**Exercise instructions:**
Everything from the line with "Honda CB450K1A MOTORCYCLE, JPN, VIN#" through the last line of the data below should be copied exactly, apart from the pictures.

**Dataset extract:**
* * * * * * * * *

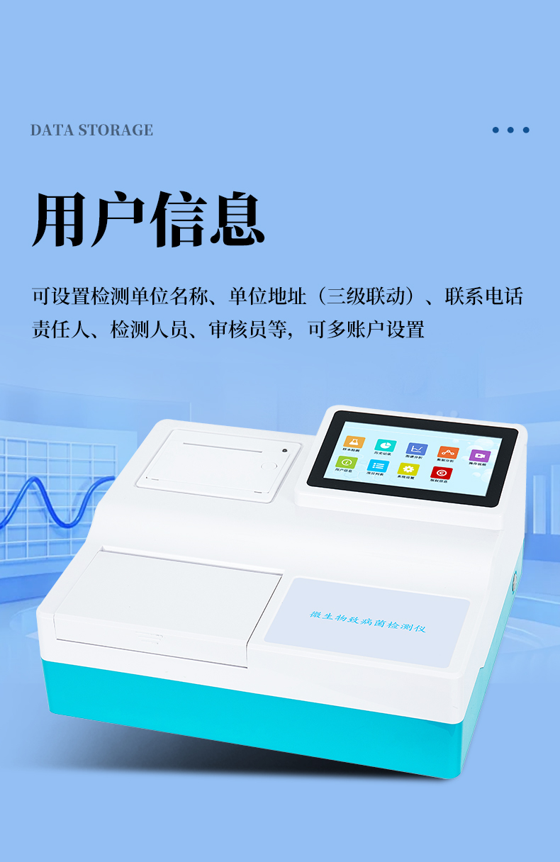 | 5. 用戶信息 | 可設(shè)置檢測(cè)單位名稱、單位地址(三級(jí)聯(lián)動(dòng))、聯(lián)系電話、責(zé)任人、檢測(cè)人員、審核員等,可多賬戶設(shè)置 |
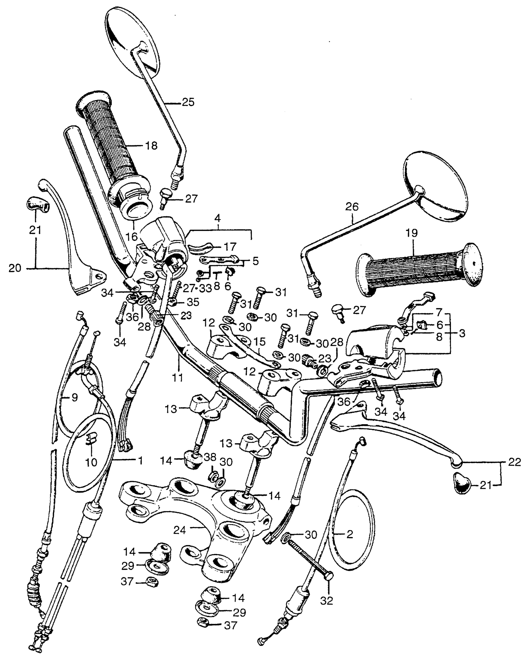Honda CB450K1A MOTORCYCLE, JPN, VIN# CB450-3000001 TO CB450-3008955 HANDLEBAR Diagram
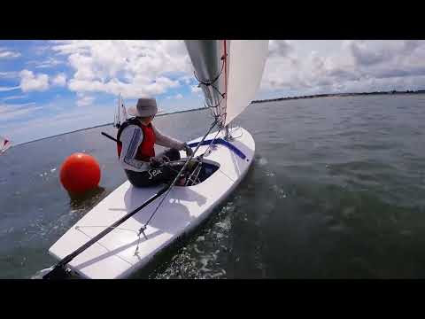 After the General Recall, the Race Committee declared anyone over the line within 1 minute before the start will be disqualified. The line was skewed to favor the pin, and it was crowded. I didn’t get clear air for the start, and almost got into to pin. To get clear air, I sailed far left of the fleet, gambling that the inbound tide had not yet created significant current off shore. That paid off, putting me in 5th rounding the windward mark. The downwind leg was remarkable only for the 4th place boat being notified by the RC that he was way over the line for the start, and therefore disqualified. He peeled-off to the right at the bottom of the course. I maintained my new 4th place on the final upwind, for my best finish of the regatta.
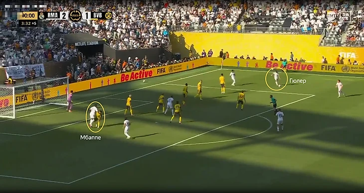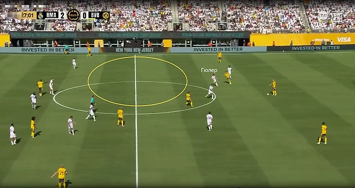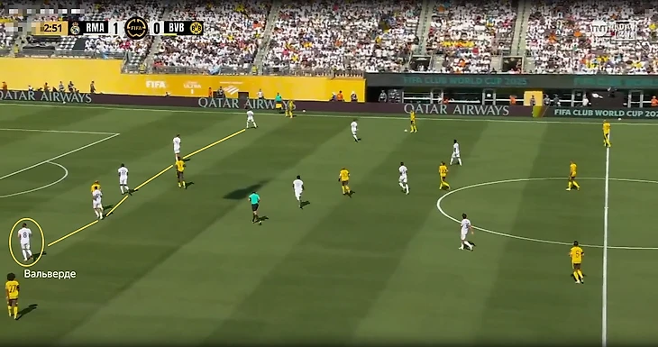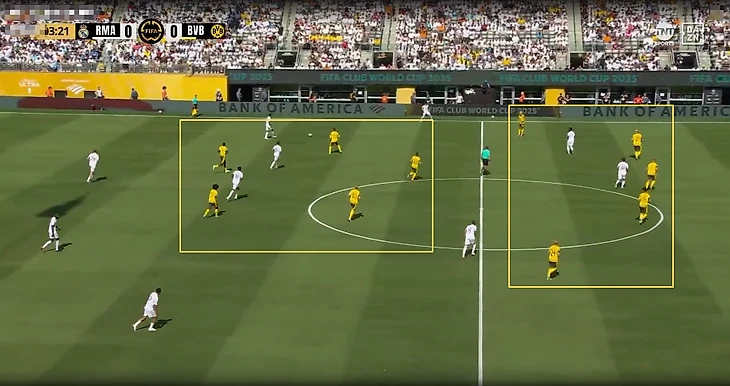 На попытки «Боруссии» перегрузить последнюю линию «Реал» отвечал спусками Феде Вальверде в защиту. Также опускаться мог Тчуамени. Например, в эпизоде ниже они вдвоем сели в линию обороны в момент, когда Трент поднялся выше и оставил свою зону.

* * * * * * * * *

**Task output:**
Honda CB450K1A MOTORCYCLE, JPN, VIN# CB450-3000001 TO CB450-3008955 HANDLEBAR Diagram
 After the General Recall, the Race Committee declared anyone over the line within 1 minute before the start will be disqualified. The line was skewed to favor the pin, and it was crowded. I didn’t get clear air for the start, and almost got into to pin. To get clear air, I sailed far left of the fleet, gambling that the inbound tide had not yet created significant current off shore. That paid off, putting me in 5th rounding the windward mark. The downwind leg was remarkable only for the 4th place boat being notified by the RC that he was way over the line for the start, and therefore disqualified. He peeled-off to the right at the bottom of the course. I maintained my new 4th place on the final upwind, for my best finish of the regatta.
 На попытки «Боруссии» перегрузить последнюю линию «Реал» отвечал спусками Феде Вальверде в защиту. Также опускаться мог Тчуамени. Например, в эпизоде ниже они вдвоем сели в линию обороны в момент, когда Трент поднялся выше и оставил свою зону.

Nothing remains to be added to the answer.